In this short tutorial, we'll cover how to convert natural language numerics like M and K into numbers with Pandas and Python.
We will show two different ways for conversion of K and M to thousand and million. We will also cover the reverse case converting thousand and million to K and M.
So we will cover:
- 0.1M to 100000
- 1 K - 1000
- 10000 to 10K
- forty two - 42
Two Python libraries:
- humanize - turning a number into a fuzzy human-readable expression
- numerizer - convert natural language numerics into ints and floats
The image below show the examples:
Setup
Let's use the following DataFrame the conversion from natural language numerals to numbers:
import pandas as pd
import matplotlib.pyplot as plt
data={'day': [1, 2, 3, 4, 5],
'numeric': [22, 222, '22K', '2M', '0.01 B'],
'numbers': [110, 11000, 1000000, 33300000, 456873],
'lang': ['one', 'five', 'twelve', 'forty two', 'one hundred and five']}
df = pd.DataFrame(data,
columns=['day', 'numeric', 'numbers', 'lang'])
Our data looks like:
day | numeric | numbers | lang | |
---|---|---|---|---|
0 | 1 | 22 | 110 | one |
1 | 2 | 222 | 11000 | five |
2 | 3 | 22K | 1000000 | twelve |
3 | 4 | 2M | 33300000 | forty two |
4 | 5 | 0.01 B | 456873 | one hundred and five |
Step 1: Convert K/M to Thousand/Million
First we will start the conversion of large number abbreviations to numbers. We will map the abbreviations to the math expression.
So we will convert:
22K -> 22 * 10**3
0.1 M -> 0.1 * 10**6
mp = {'K':' * 10**3', 'M':' * 10**6', 'B':' * 10**9', 't':' * 10**12', 'q':' * 10**15', 'Q':' * 10**15'}
pd.eval(df['numeric'].replace(mp.keys(), mp.values(), regex=True))
This will give us:
array([22.0, 222.0, 22000.0, 2000000.0, 10000000.0], dtype=object)

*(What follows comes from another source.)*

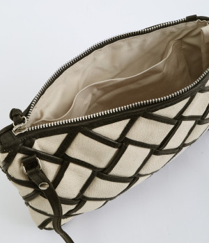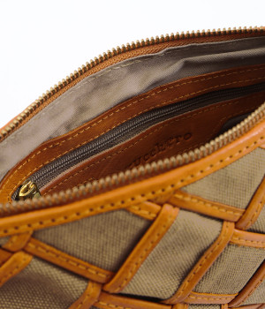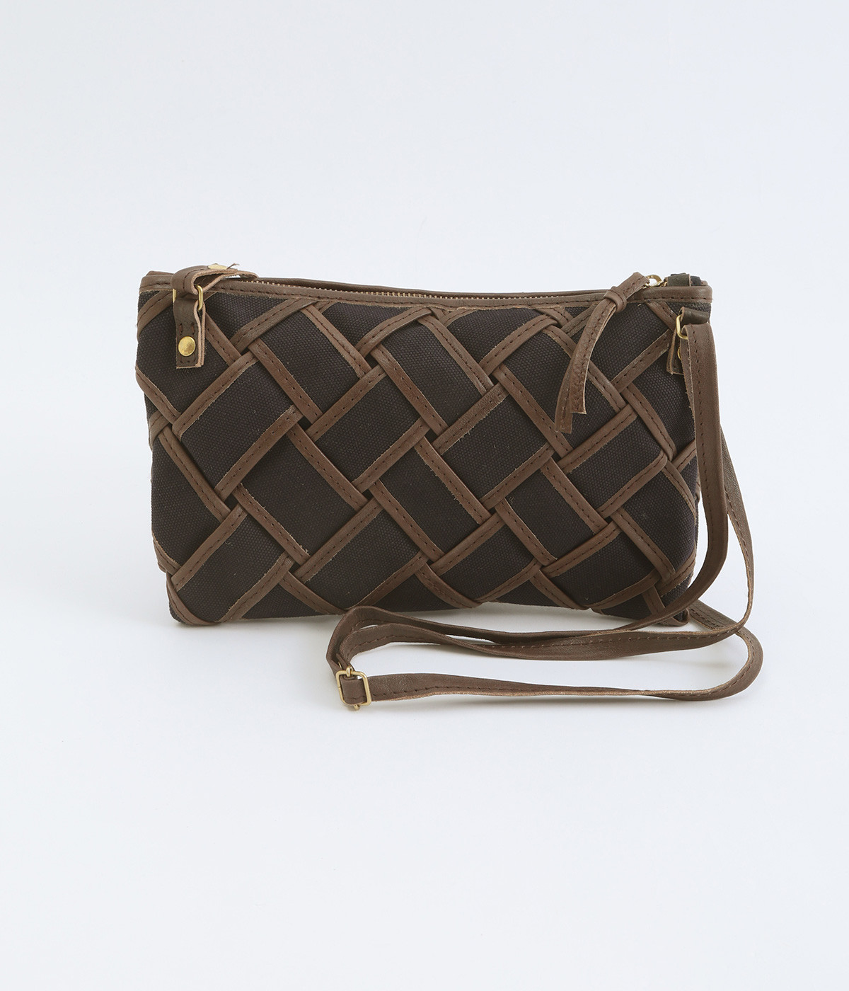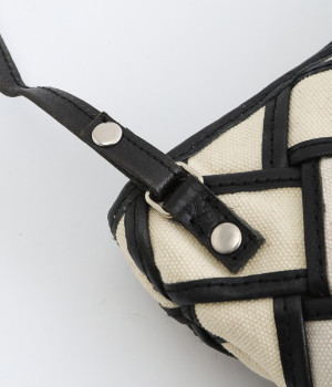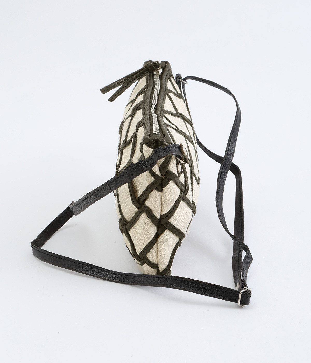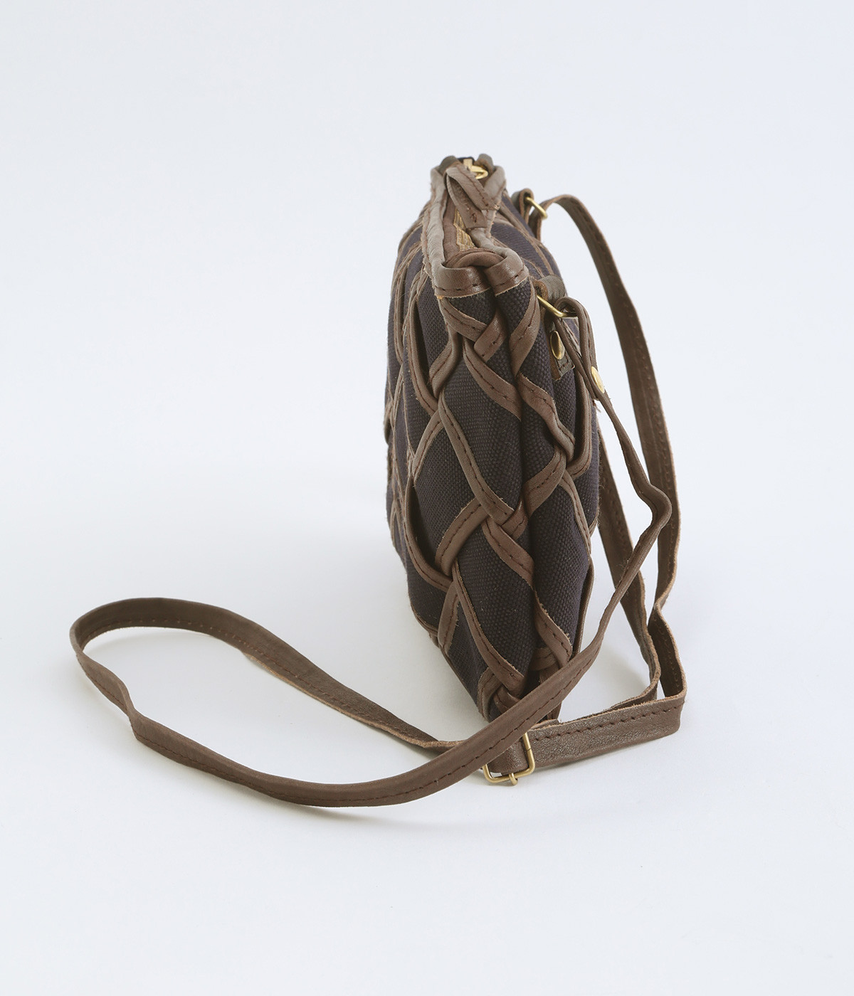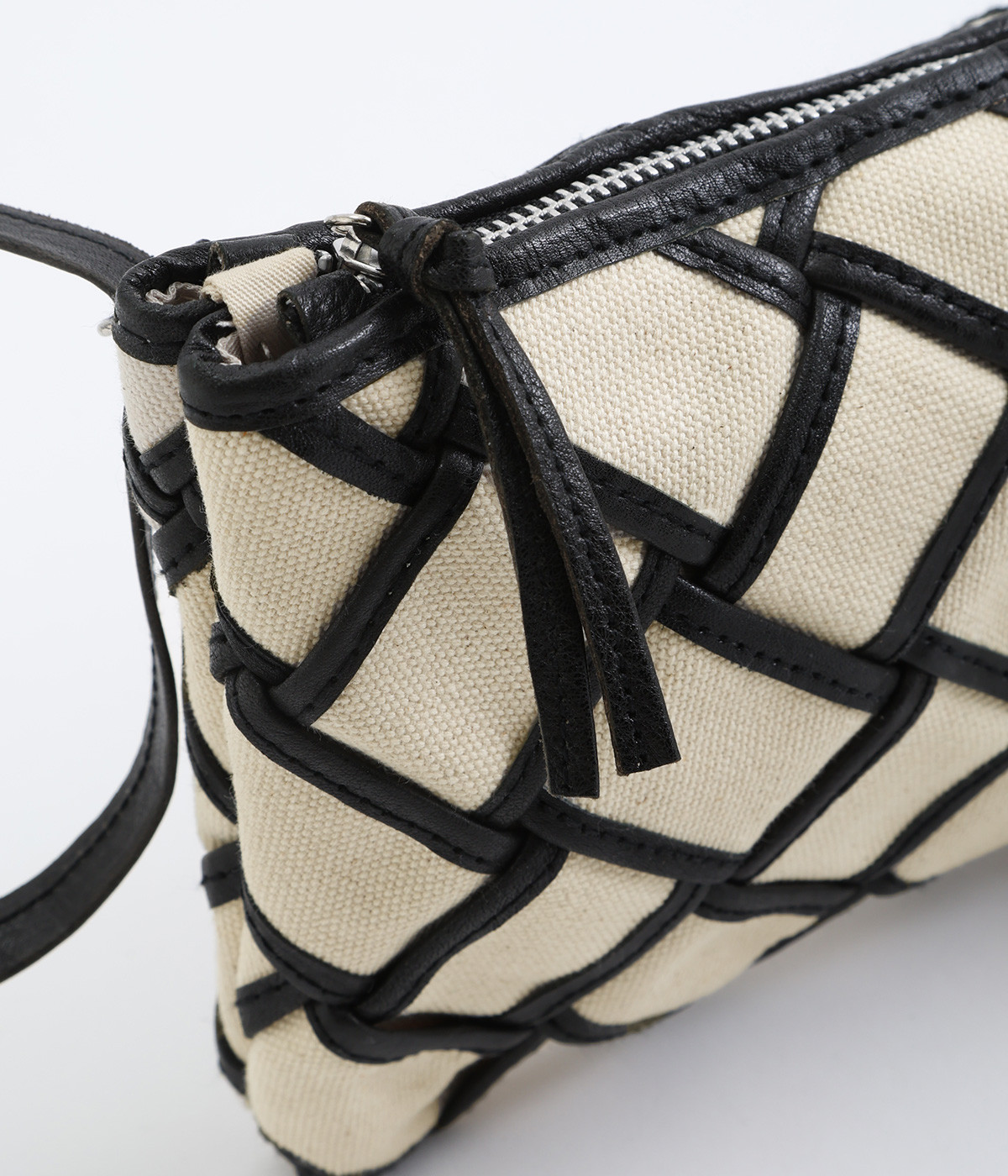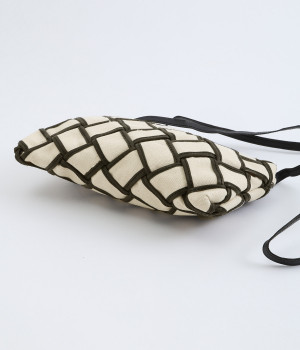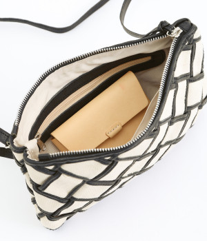 しっかりとしたコットンキャンバスを牛革でトリミングし、メッシュ状に編み立て。キャンバスのナチュラルさと、レザーの落ち着いた印象をあわせ持っています。ほのかにツヤのあるレザーが品のいい仕上がりです。

As we can see it works fine for columns with mixed data. It works well also for numeric values with spaces like 1 M
pd.eval limit 100 rows
There seems to be limit of pd.eval
and the returned results by eval
are limited:
len(pd.eval([1 * 10**6] * 105))
result:
101
Last five results are:
[1000000,
1000000,
1000000,
1000000,
Ellipsis]
So the above code can be rewritten to:
df['cols_num'] = df['col'].replace(mp.keys(), mp.values(), regex=True)
df['col_num'] = df.apply(lambda x: eval(x.col_num), axis=1)
to make it working for more than 100 rows.
Step 2: Convert Thousand/Million to K/M
For this step we will use the Python library - humanize
. It will help us to** convert easily and reliably large numbers to human readable abbreviations**:
import humanize
df['numbers'].apply(humanize.intword)
The result contains the converted values:
0 110
1 11.0 thousand
2 1.0 million
3 33.3 million
4 456.9 thousand
Name: numbers, dtype: object
The library supports multiple languages - about 25 like:
- spanish
- russian
- french
- portuguese
Library can be installed by:
pip install humanize
Step 3: Convert words to number - one to 1
Finally let's cover the case when we need to convert language numerics into numbers:
- forty two -> 42
- twelve hundred -> 12000
- four hundred and sixty two -> 462
This time we will use Python library: numerize - which can be installed by:
pip install numerize
So the Pandas code to convert numbers is:
from numerizer import numerize
df['lang'].apply(numerize)
The output is:
0 1
1 5
2 12
3 42
4 105
Name: lang, dtype: object
Large Number Abbreviations
Below we can find a table of large number abbreviations which can be used to improve the mapping.
Abbreviation | Name | Value | Equivalent |
---|---|---|---|
K | Thousand (Kilo) | 10^ 3 | 1000 |
M | Million | 10^ 6 | 1000K |
B | Billion | 10^ 9 | 1000M |
t | trillion | 10^ 12 | 1000B |
q | quadrillion | 10^ 15 | 1000t |
Q | Quintillion | 10^ 18 | 1000q |
s | sextillion | 10^ 21 | 1000Q |
S | Septillion | 10^ 24 | 1000s |
o | octillion | 10^ 27 | 1000S |
n | nonillion | 10^ 30 | 1000o |
Conclusion
In this post, we saw how to convert human readable and language expressions to numbers. We covered the reverse case of conversion of large numbers to abbreviations.
It was shown how to map values to Python mathematical expressions and how to evaluate them. Two very useful Python libraries were used in Pandas for numeric conversion.